--- START ---
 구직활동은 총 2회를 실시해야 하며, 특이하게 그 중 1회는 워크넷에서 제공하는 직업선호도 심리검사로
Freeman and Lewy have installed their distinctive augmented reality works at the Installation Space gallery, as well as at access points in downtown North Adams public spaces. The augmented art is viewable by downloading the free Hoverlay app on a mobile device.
--- END ---
--- START ---
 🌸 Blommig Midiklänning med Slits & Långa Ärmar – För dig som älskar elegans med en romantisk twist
--- END ---
> **Problem description**:
From the records above, print exactly the lines that run from the line with "구직활동은 총 2회를" to the line with "Freeman and Lewy", inclusive.

> **Your solution**:
 구직활동은 총 2회를 실시해야 하며, 특이하게 그 중 1회는 워크넷에서 제공하는 직업선호도 심리검사로
Freeman and Lewy have installed their distinctive augmented reality works at the Installation Space gallery, as well as at access points in downtown North Adams public spaces. The augmented art is viewable by downloading the free Hoverlay app on a mobile device.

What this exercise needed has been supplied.